Median scores for the EMT-related gene sets used in this study were determined in the scRNA-seq datasets identified as fibroblasts or as epithelial tumor parenchymal cells. Across a select range of EMT-related gene sets, the median scores for the EMT signatures (with the exception of those in the GENERIC_EMT_EPI_Tan_2014 gene set) were greater (p < 0.01) in fibroblasts found in the stroma than in tumor parenchymal cells (Supplementary Fig. 3).

Strong positive correlation between EMT and CAF gene expression signature scores and association with overall survival (OS)

To further support the hypothesis that CAFs are a major source of EMT gene expression, we developed a “CAF signature” derived from the expression of 3 collagen genes (COL1A1, COL1A2, and COL3A1), as described in the Methods, and assessed the correlation between EMT-related and CAF gene expression in samples from TCGA. Across multiple tumor types, a strong positive correlation was observed between scores for all the EMT gene sets (except GENERIC_EMT_EPI_Tan_2014) and CAF signature scores (Fig. 4, Supplementary Fig. 4, Supplementary Table 3). As expected, the positive correlations were somewhat weaker for sarcoma (Supplementary Fig. 4n, Supplementary Table 3).

Figure 4
figure 4

Correlation between EMT-related and CAF (BMS_FIBROBLAST) signature scores in tumor datasets from TCGA. Pink plotting symbols represent tumor tissue. Aqua plotting symbols represent samples collected from non-involved healthy tissue of patients with cancer from TCGA.

In these same tumor types, lower CAF signature scores tended to be associated with prolonged survival (Fig. 5). As expected, given the strong positive correlations observed, associations between OS and CAF signature scores were similar in magnitude and direction to associations between OS and EMT signature scores (Supplementary Table 4). This is consistent with previous literature regarding associations between OS and EMT gene expression10.

Figure 5
figure 5

Association between CAF signature scores and OS. HRs were estimated from TCGA datasets using Cox proportional hazards models assuming a linear effect of signature scores. Estimated HRs (high signature score/low signature score) were scaled to compare hazards for scores differing by the IQR for each tumor type.

Collagen scores inversely associated with parenchymal T-cell counts in squamous cell carcinoma of the head and neck (SCCHN)

We then sought to investigate possible mechanisms behind the link between CAF scores and prognosis. Using IHC, we studied the relationship between collagen abundance in the tumor stroma and exclusion of CD8+ T cells from the tumor parenchyma in SCCHN tumor specimens. Low stromal collagen scores were observed in samples with high parenchymal CD8+ T-cell counts, while high collagen scores were observed in samples with low levels of parenchymal CD8+ T cells. Samples with low levels of both stroma collagen and parenchymal CD8+ T cells were also observed; however, no sample had high levels of both stroma collagen and parenchymal CD8+ T cells (Fig. 6). Representative IHC images are shown in Supplementary Fig. 5.

Figure 6
figure 6

Association between collagen and parenchymal CD8+ T-cell abundance in SCCHN tumor samples. Collagen staining was assessed by image analysis to identify tumor parenchymal and stromal compartments and calculate the % area of collagen staining relative to the area of the total stromal compartment. An AI-powered image analysis algorithm was used to classify the tumor parenchymal and stromal regions and identify and quantify the density (cells/mm2) of CD8+ T cells in each compartment.

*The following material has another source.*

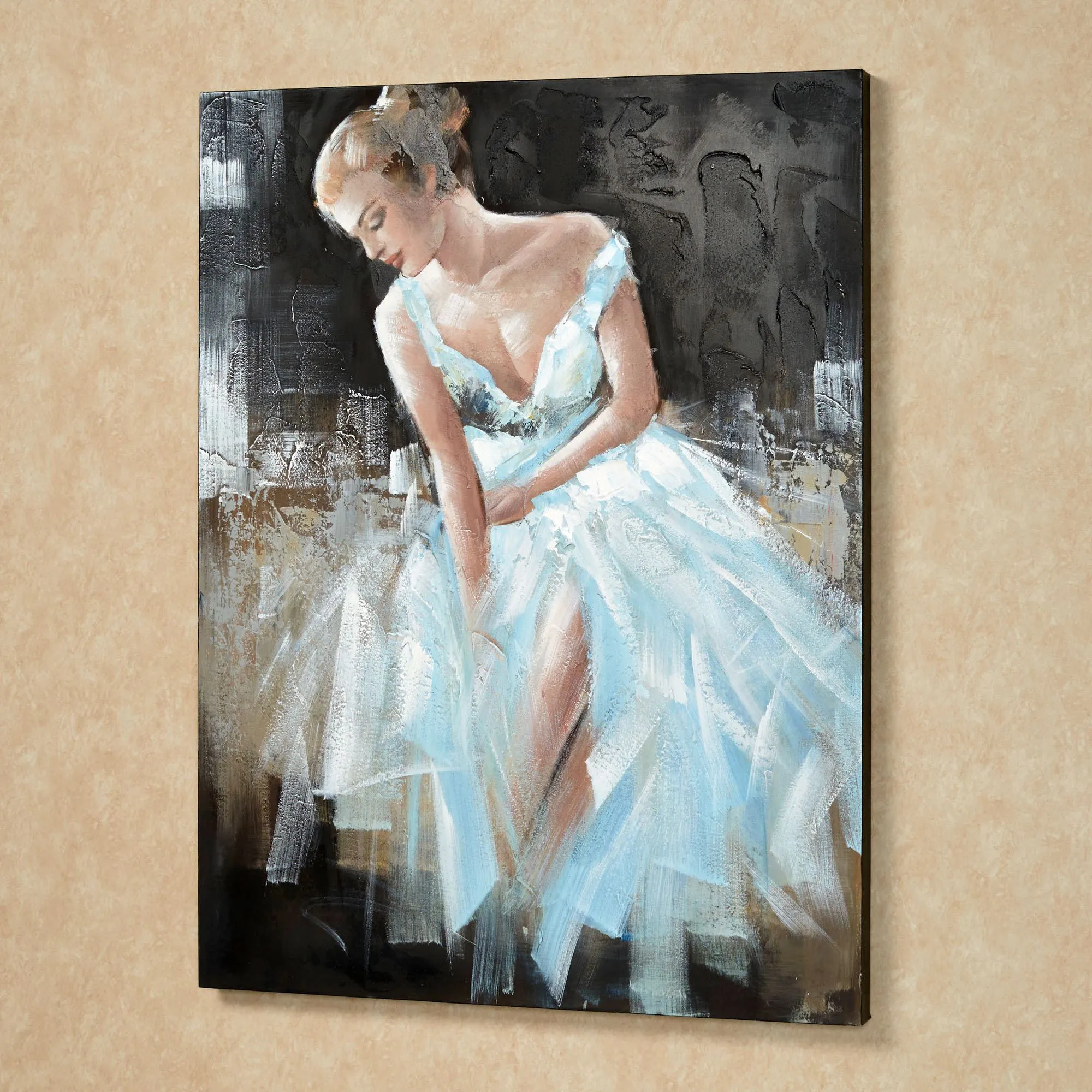 Adorn your wall with a vision of delicately tranquil beauty from the Lady Isabella Canvas Wall Art. Textured, handpainted oil on canvas features a woman with her hair up, wearing a flowing sky blue and white dress. Background has shades of black, brown, and tan. Canvas is gallery-wrapped over a wood frame. Due to the handpainted nature of this item, minor variations may occur. Wall art measures 29"Wx2"Dx39"H.

Correlation between TGFβ- and TME-related gene expression signatures

Given the known role of TGFβ signaling in the acquisition of a CAF phenotype14, we analyzed various TGFβ-related signatures, including the Hallmark_TGF_BETA_SIGNALING and GO_TRANSFORMING_GROWTH_FACTOR_BETA_BINDING gene sets using RNA-seq data from TCGA. These signatures were obtained from previously published literature11,35,36,37,38 or retrieved from an online database as described in the methods. These signatures were negatively correlated with tumor purity and positively correlated with stromal signature scores (Supplementary Fig. 6), similar to the patterns observed for the EMT signature scores. A smaller positive correlation between TGβ-related signatures and immune signature scores was also observed (Supplementary Fig. 6).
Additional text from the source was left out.